United States District Court, S.D. Ohio, Eastern Division
Sep 19, 2008
Case No. 2:08-cv-261 (S.D. Ohio Sep. 19, 2008)

Opinion

Case No. 2:08-cv-261.

September 19, 2008


ORDER


This matter came on for consideration of Plaintiff's Motion for Leave to File Amended Complaint ("Plaintiff's Motion to Amend") (Doc. # 9), Defendant Wheeling Pittsburgh Steel Corporation's ("Wheeling-Pitt") Motion for Judgment on the Pleadings ("Company's Motion for Judgment on the Pleadings") (Doc. # 17), and Defendant Local 1223 United Steel, Paper and Forestry, Rubber, Manufacturing, Energy, Allied Industrial and Service Workers International Union's ("Local 1223") Motion for Judgment on the Pleadings ("Union's Motion for Judgment on the Pleadings") (Doc. # 20). For the following reasons, the Court GRANTS the Company's Motion for Judgment on the Pleadings and the Union's Motion for Judgment on the Pleadings and DENIES AS MOOT Plaintiff's Motion to Amend.

I. Background

On April 21, 2006 Plaintiff received a right to sue letter from the Equal Employment Opportunity Commission ("EEOC") and, approximately 89 days later, on July 19, 2006, Plaintiff filed in this Court an employment discrimination action pursuant to Title VII of the Civil Rights Act of 1964, 42 U.S.C. § 2000e et seq. ("Title VII"), the Ohio Revised Code § 4112.99, and the common law of Ohio. (Case No. 2:06-cv-00610, "2006 action").

On April 18, 2007 Plaintiff filed a motion requesting dismissal without prejudice of the 2006 action pursuant to Fed.R.Civ.P. 41(a)(2). Defendants opposed that motion; however, it was ultimately granted by this Court.

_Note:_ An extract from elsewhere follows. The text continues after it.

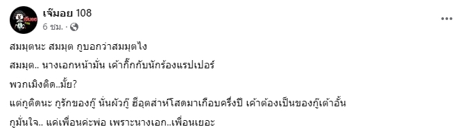 “สมมตินะ สมมติ ฉันบอกว่าสมมติไง สมมติ.. นางเอกหน้ามั่น เขากิ๊กกับนักร้องแร็ปเปอร์ พวกเมิงติด..ไหม? แต่ฉันติดนะ ฉันรักของฉัน นั่นผัวฉัน ฮีอุตส่าห์โสดมาเกือบครึ่งปี เขาต้องเป็นของฉันเต้าอั้น ฉันมั่นใจ.. แค่เพื่อนค่ะพ่อ เพราะนางเอก..เพื่อนเยอะ”

On March 18, 2008 Plaintiff filed the instant action indicating in the complaint that it is a refiling of the 2006 action. On May 5, 2008 Plaintiff filed a motion for leave to amend the complaint (Doc. # 9) and on May 22, 2008 Defendants filed their memorandum in opposition to Plaintiff's Motion to Amend (Doc. # 15).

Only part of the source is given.